Thanks guys, yeah I started with a mallet I made but it split within minutes so I then just grabbed a thick log, just enough for me to get my hands around
it and give it a good smack.


----------



## richblades (May 2, 2012)

I am certainly no wood carver but here is my attempt at putting something worth shooting together from a log.
My technique is to hit the wood, smack the wood, talk dirty to the wood, sand the wood, saw the wood, until all the wood is gone accept for the slingshot within.


----------



## Imperial (Feb 9, 2011)

richblades said:


> My technique is to hit the wood, smack the wood, talk dirty to the wood, sand the wood, saw the wood, until all the wood is gone accept for the slingshot within.

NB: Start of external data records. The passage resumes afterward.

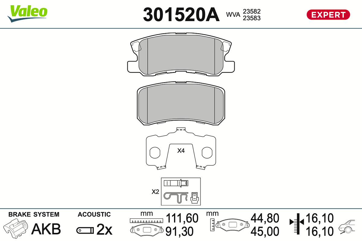 VALEO 301520A - Sada brzdových destiček, vždy 4 kusy v sadě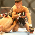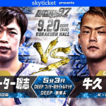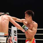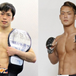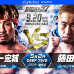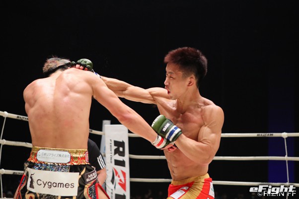 RIZINでのデビュー戦で那須川(左)に右ストレートを打ち込む藤田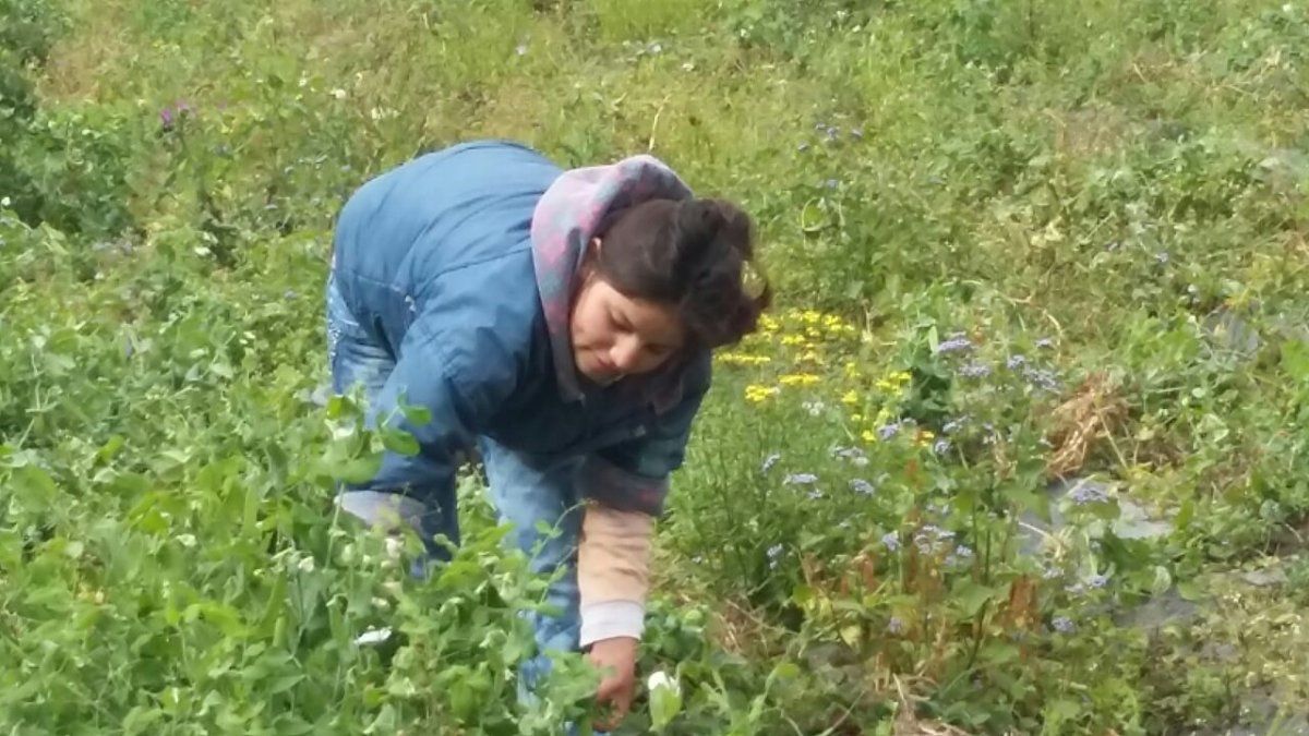Jimena con tan solo quince años trabaja en el campo cosechando arvejas para ayudar a sus padres. Una vez que termina al mediodía, va a la escuela.

(i cant not say it, childish but still funny) thats what she said .


----------



## jskeen (Feb 7, 2011)

Interesting topic, makes me wonder. Is a slingshot made from a slab rived (riven)? from a log with a froe stronger than one made from a board cut with a saw? I know it is absolutely critical for a bowyer. You can make a bow from a sawn stave, but it's NOT going to shoot well (if at all) I know a slingshot is not bent the way a longbow is, but still, might be an advantage.

Anybody got an opinion?


----------



## Sean (Nov 17, 2011)

I would assume it might have something to do with the way it's cut rather than the tool used? Just saying plain cut vs. quarter sawn lumber might
make a difference in strength?


----------



## jskeen (Feb 7, 2011)

That is part of it, you do want to be careful which way you face the grain in a bow stave, even though it's all parallel and hopefully straight. But which direction it was facing in the tree is important too.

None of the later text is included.